The mystery must be solved right after the election ends, Politics professor at the Skopje Law Faculty, Savo Klimovski told local Vreme daily. He notes that the problem lies in about 300,000 voters.
“We have to see where they came from,” he argues, noting that several years ago they were not enlisted. “It turns out that the in Macedonia, people do not die,” Klimovski concludes.
The State Election Commission already pointed this out at the Ministry of Justice that prepares the voter’s list. But the Ministry claims there are no irregularities.
The Justice Minister Mihajlo Manevski on Tuesday argued that the seemingly large number of voters might be due to the many people that are registered but work abroad.
“There is no mistake. The list is open for updating throughout the year and at the January public review there were no complaints,” the Ministry spokesperson, Mirjana Ilievska told the same newspaper. She notes that people can not be erased from the list because they did not give permission for that.

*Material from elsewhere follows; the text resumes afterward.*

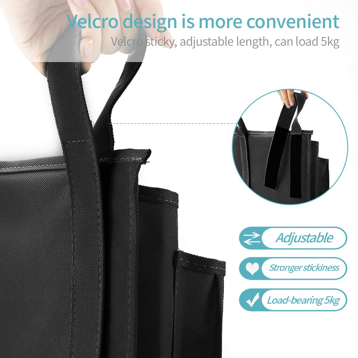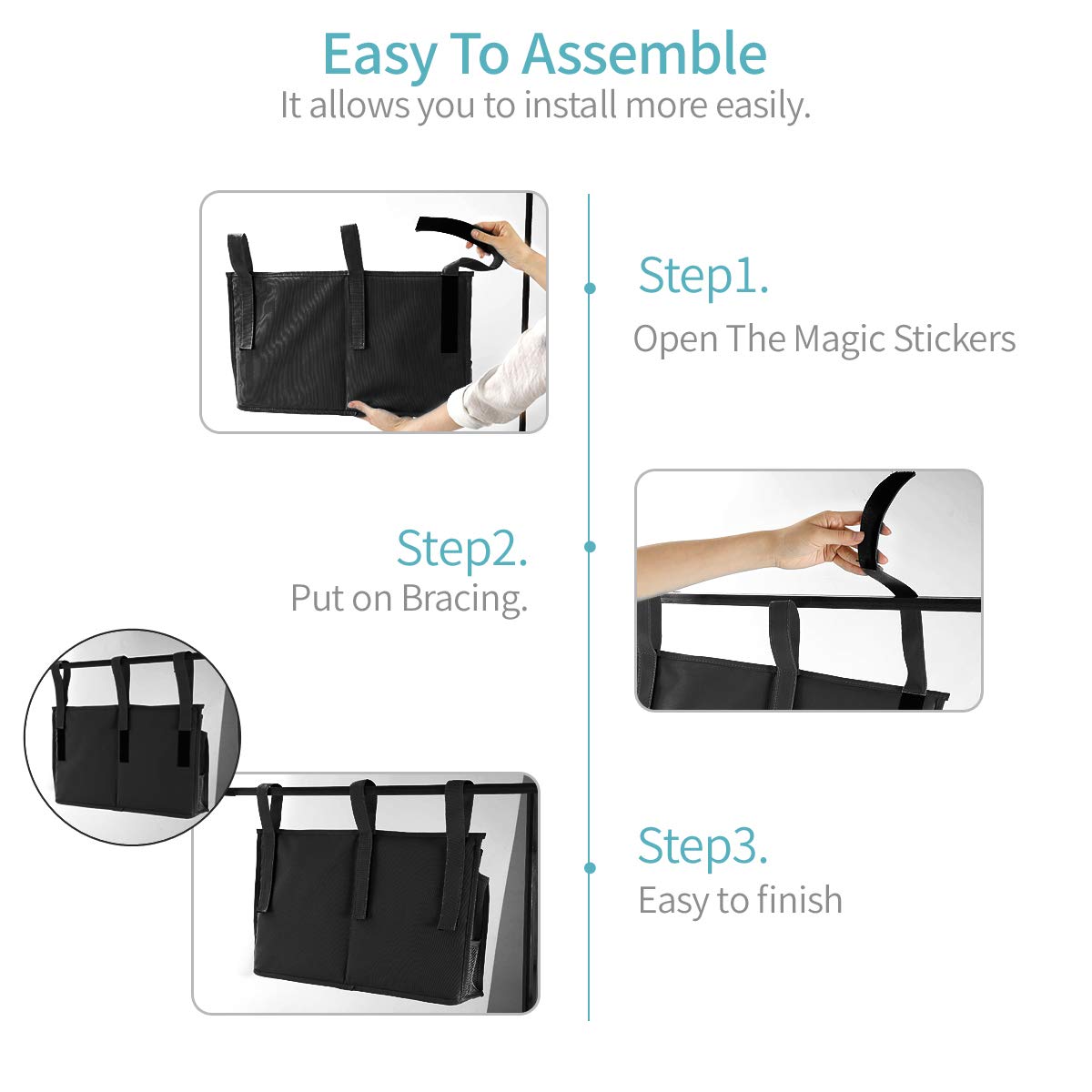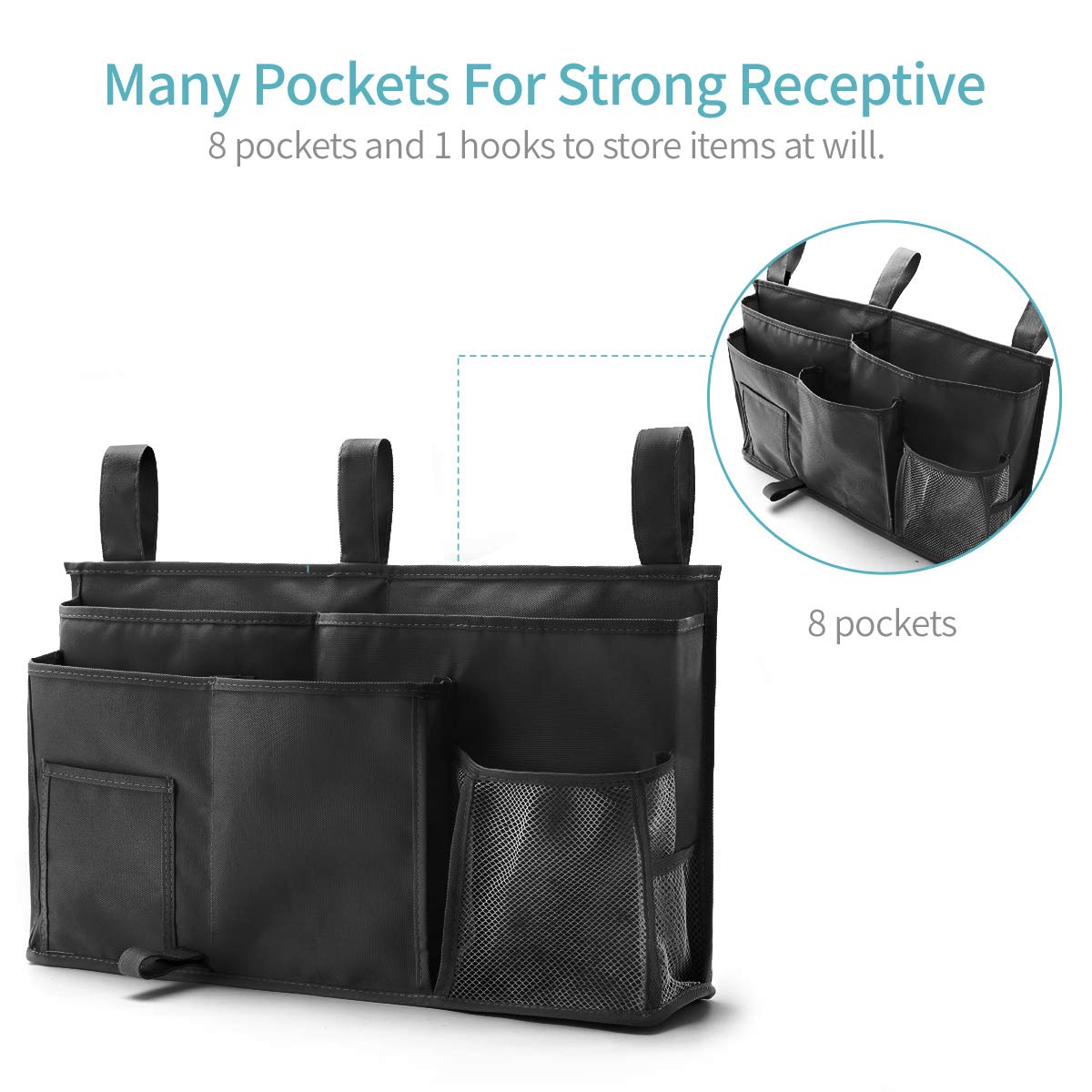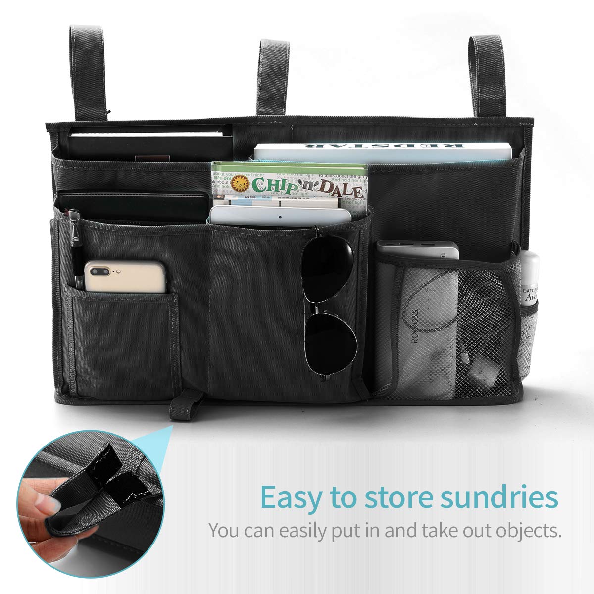 - GOOD QUALITY – Made of 600D Waterproof Oxford Fabric with reinforced stitching, easily attaches to bed rail using three adjustable heavy duty velcro straps, keep the bedside caddy securely in place, durable enough to withstand heavy weight. Easy to use, no assembly required.

The professor at the University of Social Sciences, Stojmen Mihajlovski points out that if it turns out that the large number of voters is indeed due to the number of expatriates, nothing can be done.
“They are legal voters” he says and the regularity of election is not brought under question because of them.
The OSCE monitors on Monday assessed the first round of election as satisfactory, meeting most international standards. The country has to hold a free and fair election at the April 5 run-off as well if it is to amend the negative image from last year’s violence-marred June general election that claimed one life and left several wounded amid a clash between rival ethnic Albanian parties.
The EU set this election as a benchmark for country’s democratic credentials and conditioned their regularity with Macedonia’s swift progress towards EU integration.